* _Task inputs_:
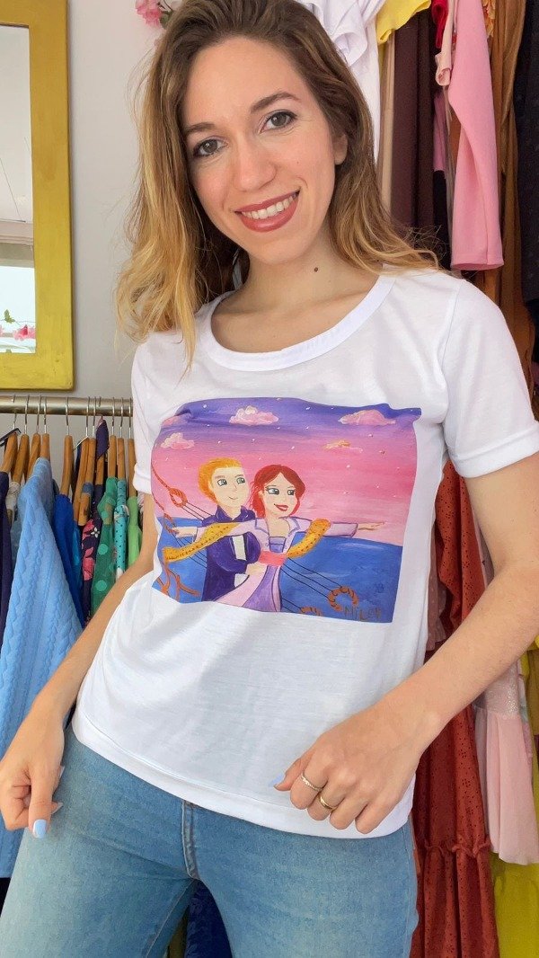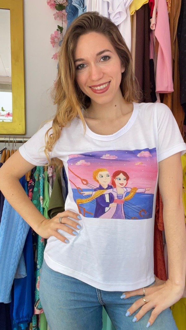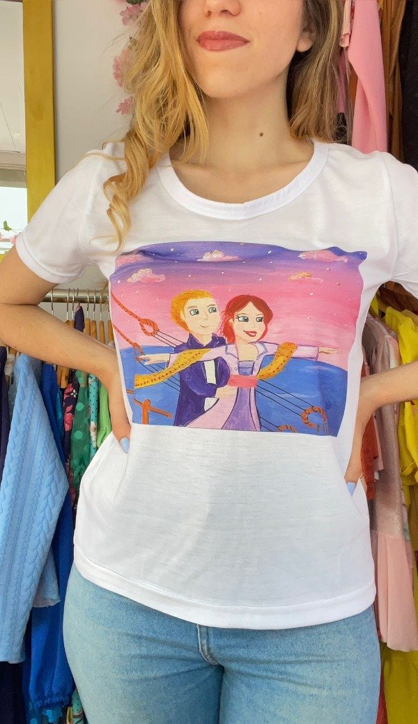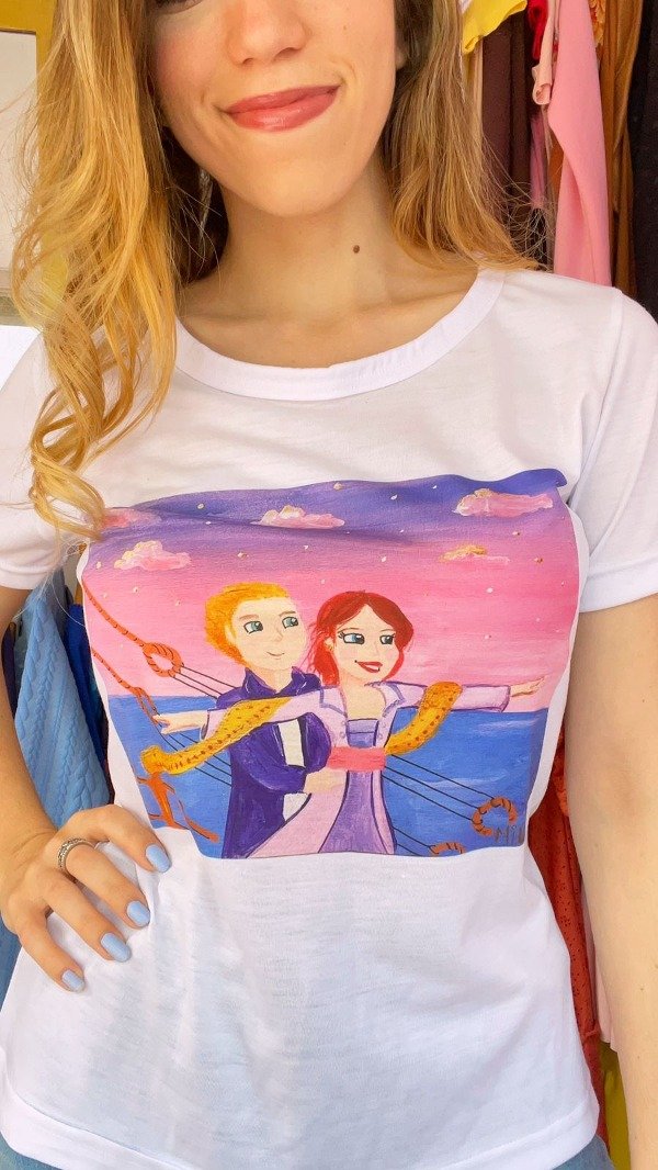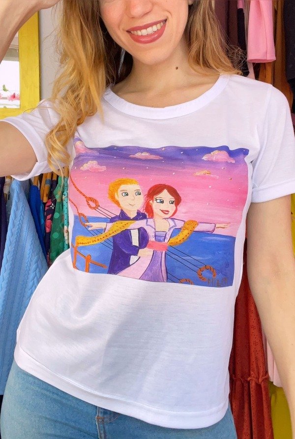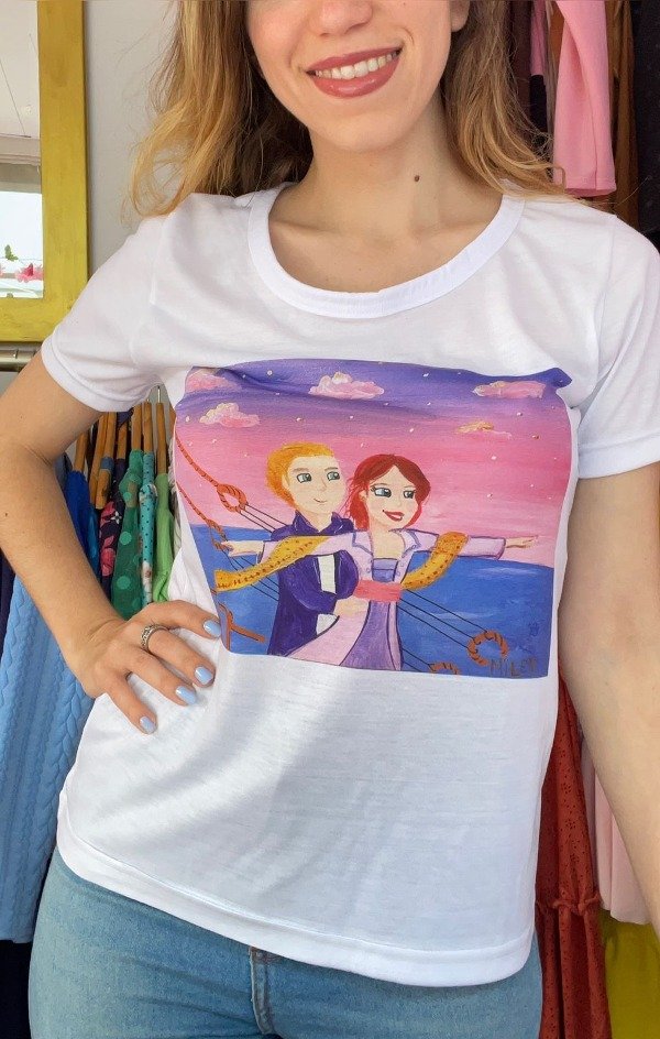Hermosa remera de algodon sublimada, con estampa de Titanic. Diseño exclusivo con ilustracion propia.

---

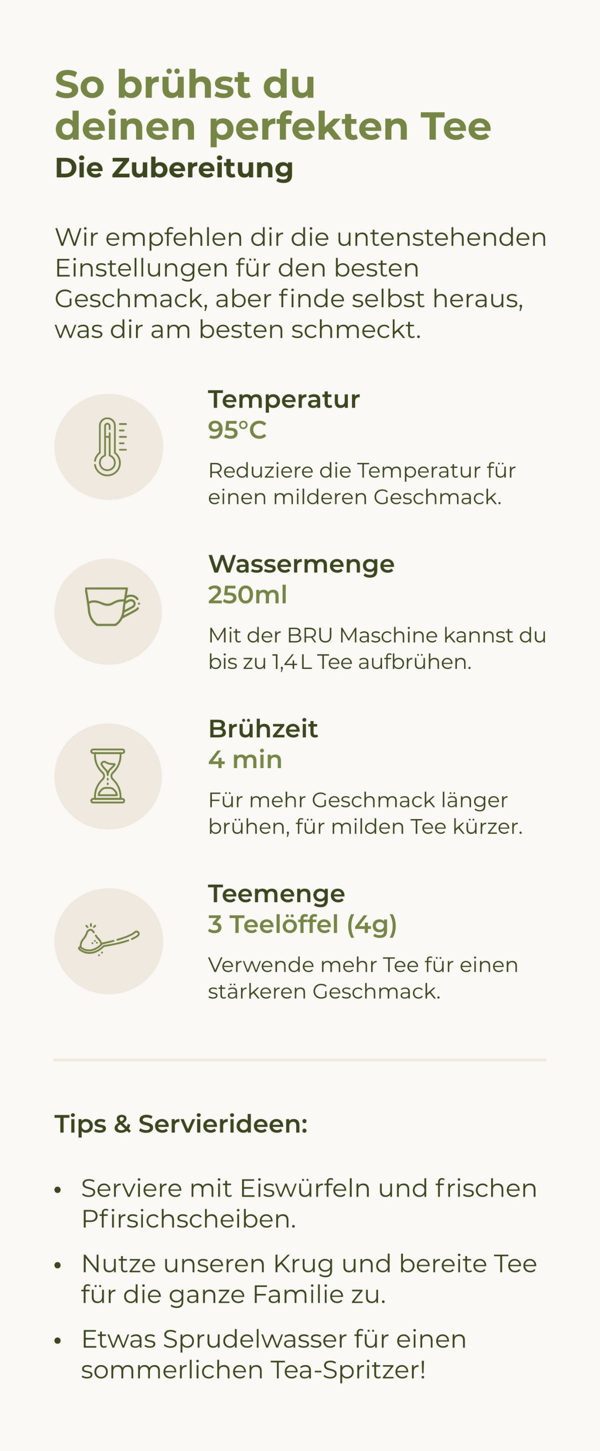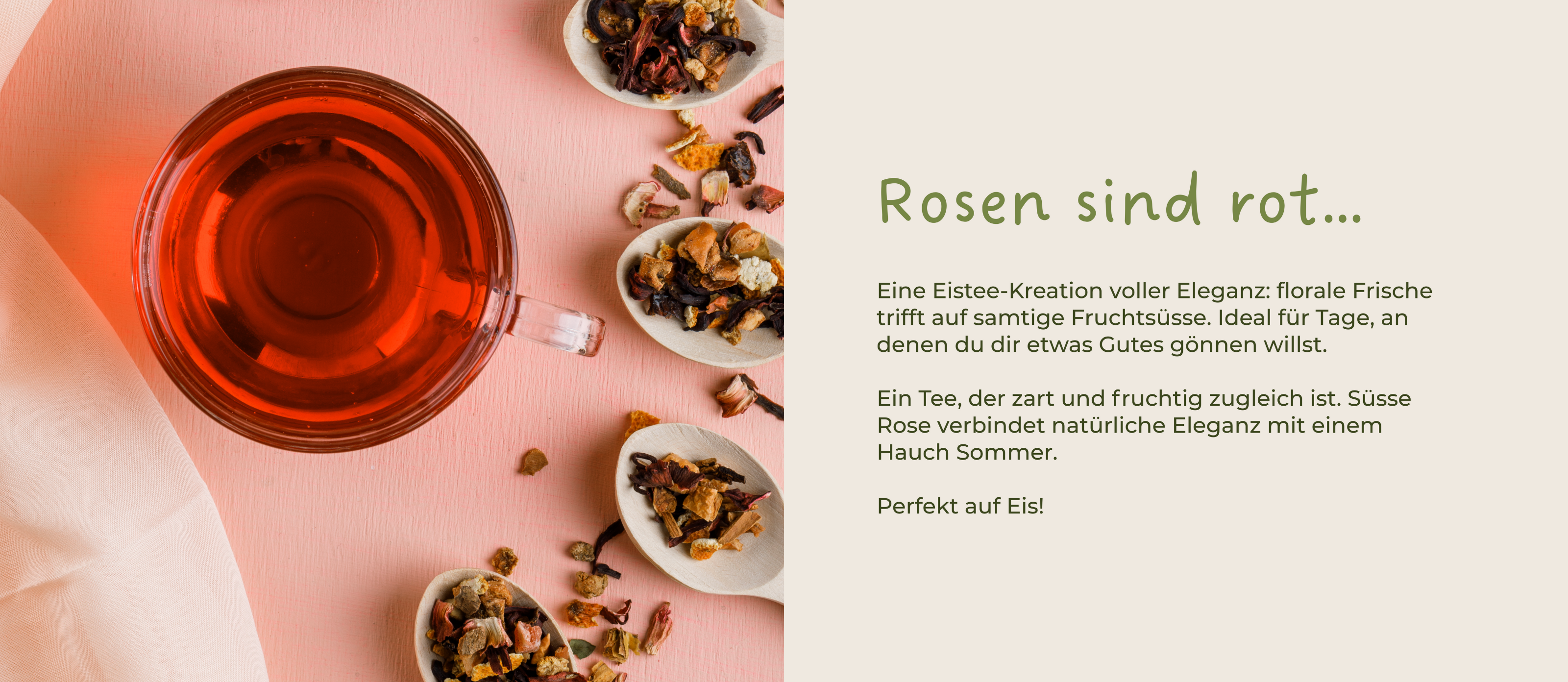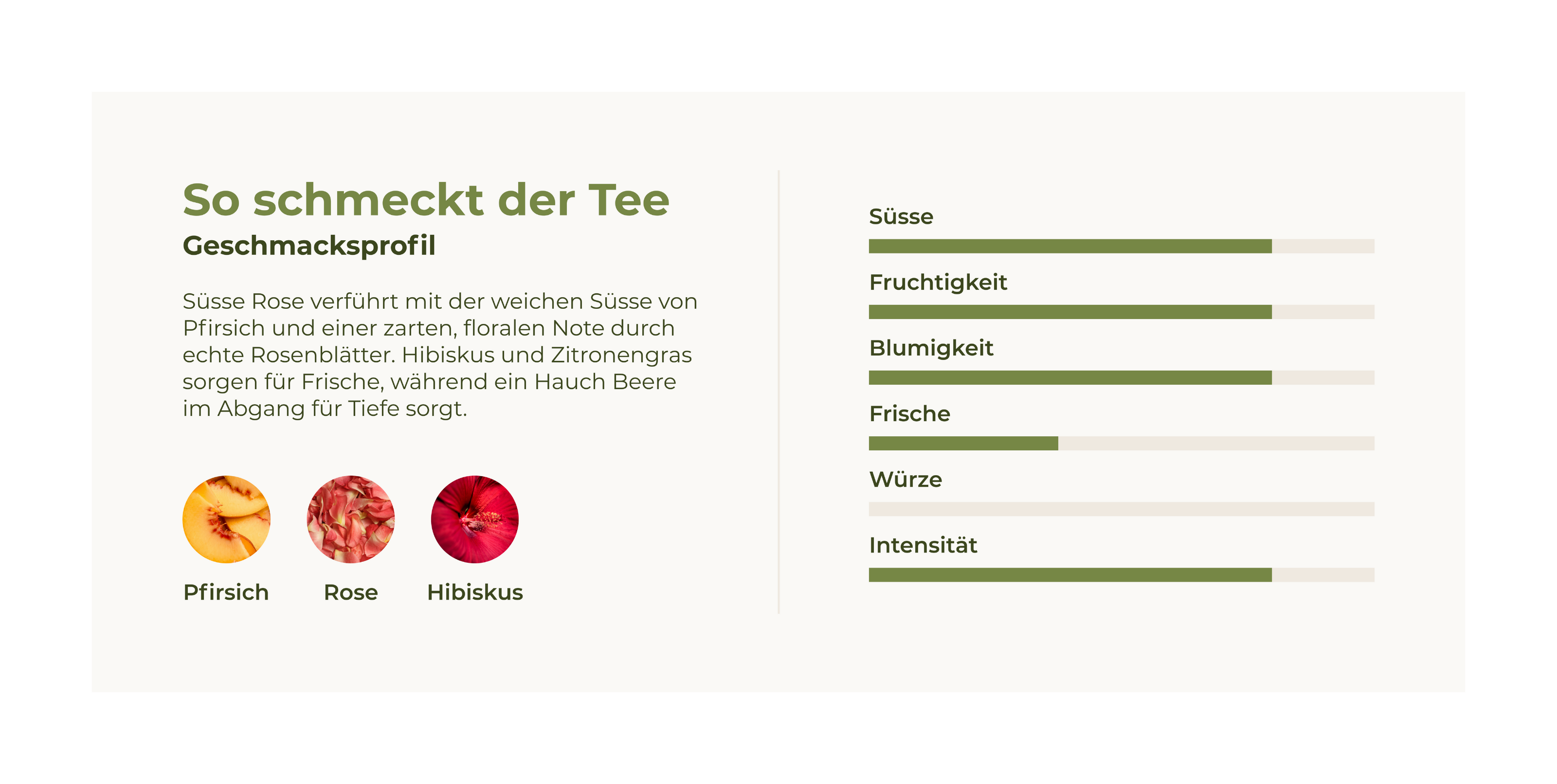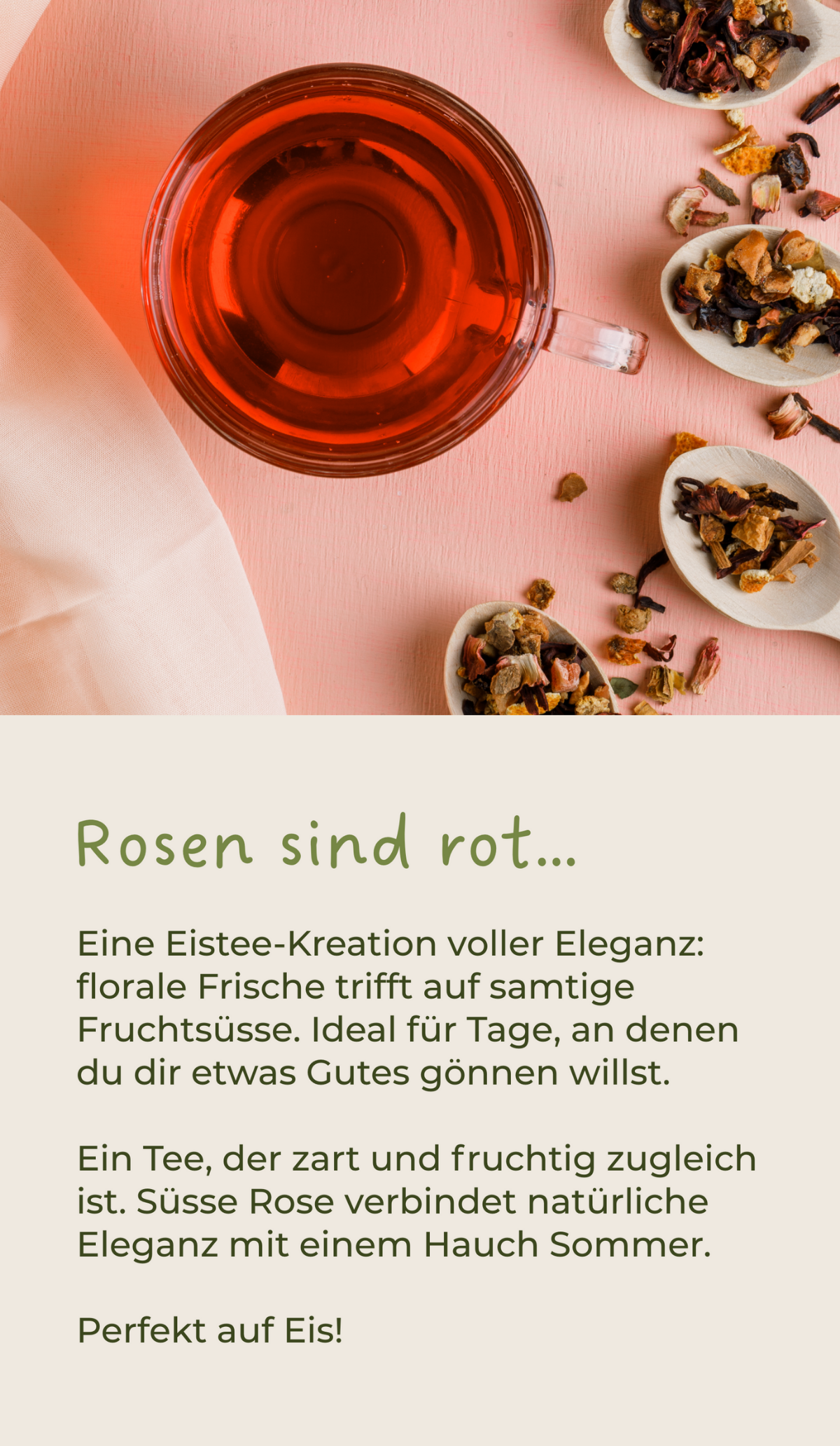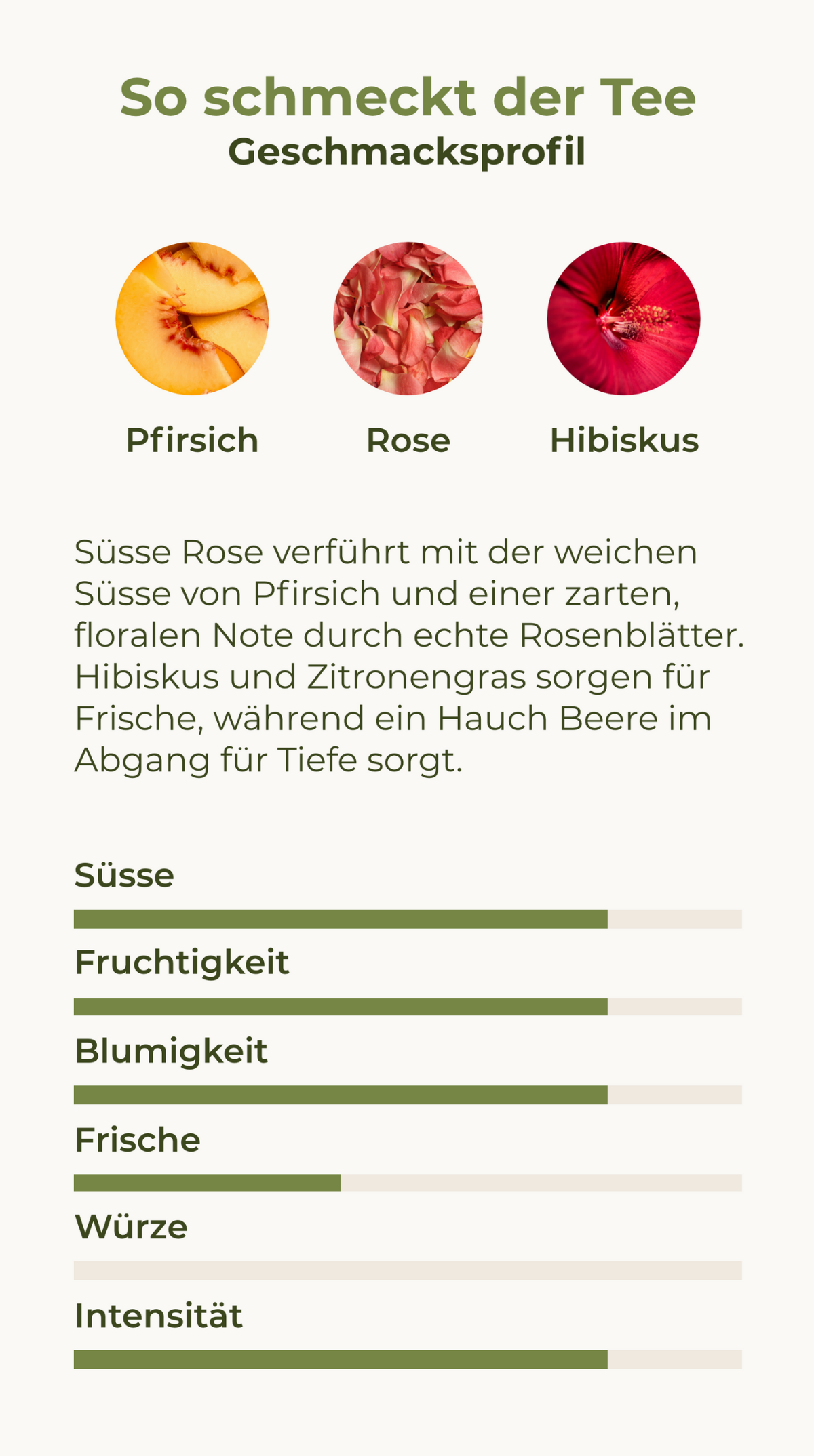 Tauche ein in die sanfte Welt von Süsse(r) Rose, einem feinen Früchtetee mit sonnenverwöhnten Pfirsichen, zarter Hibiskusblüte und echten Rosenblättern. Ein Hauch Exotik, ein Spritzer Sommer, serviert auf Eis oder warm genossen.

---

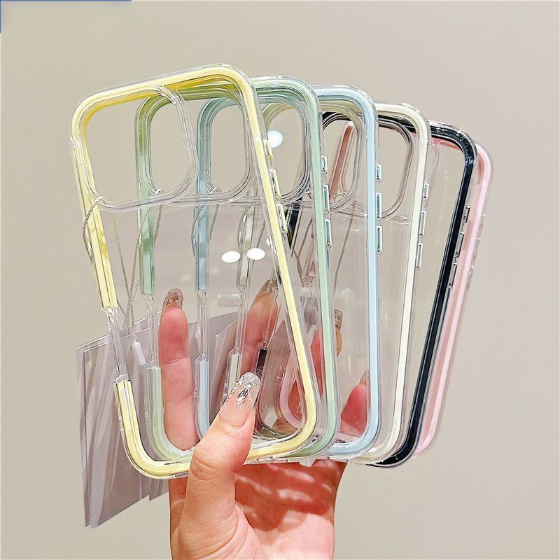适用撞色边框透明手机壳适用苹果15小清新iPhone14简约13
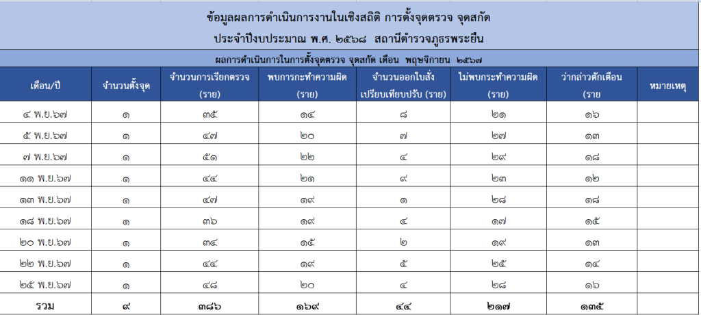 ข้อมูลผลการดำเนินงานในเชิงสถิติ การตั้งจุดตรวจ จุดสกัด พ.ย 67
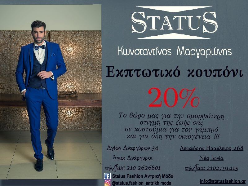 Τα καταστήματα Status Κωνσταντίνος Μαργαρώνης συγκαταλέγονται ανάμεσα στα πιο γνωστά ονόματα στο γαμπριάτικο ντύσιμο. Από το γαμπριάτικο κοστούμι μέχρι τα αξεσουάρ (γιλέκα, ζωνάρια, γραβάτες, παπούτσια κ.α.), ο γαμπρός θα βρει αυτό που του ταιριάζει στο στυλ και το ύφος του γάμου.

* _Required work_:
Return exactly the lines that appear in the data above between the line containing "适用撞色边框透明手机壳适用苹果15小清新iPhone14简约13" and the line containing "Τα καταστήματα Status", both of which are included, and leave the pictures out.

* _Solution_:
适用撞色边框透明手机壳适用苹果15小清新iPhone14简约13
 ข้อมูลผลการดำเนินงานในเชิงสถิติ การตั้งจุดตรวจ จุดสกัด พ.ย 67
 Τα καταστήματα Status Κωνσταντίνος Μαργαρώνης συγκαταλέγονται ανάμεσα στα πιο γνωστά ονόματα στο γαμπριάτικο ντύσιμο. Από το γαμπριάτικο κοστούμι μέχρι τα αξεσουάρ (γιλέκα, ζωνάρια, γραβάτες, παπούτσια κ.α.), ο γαμπρός θα βρει αυτό που του ταιριάζει στο στυλ και το ύφος του γάμου.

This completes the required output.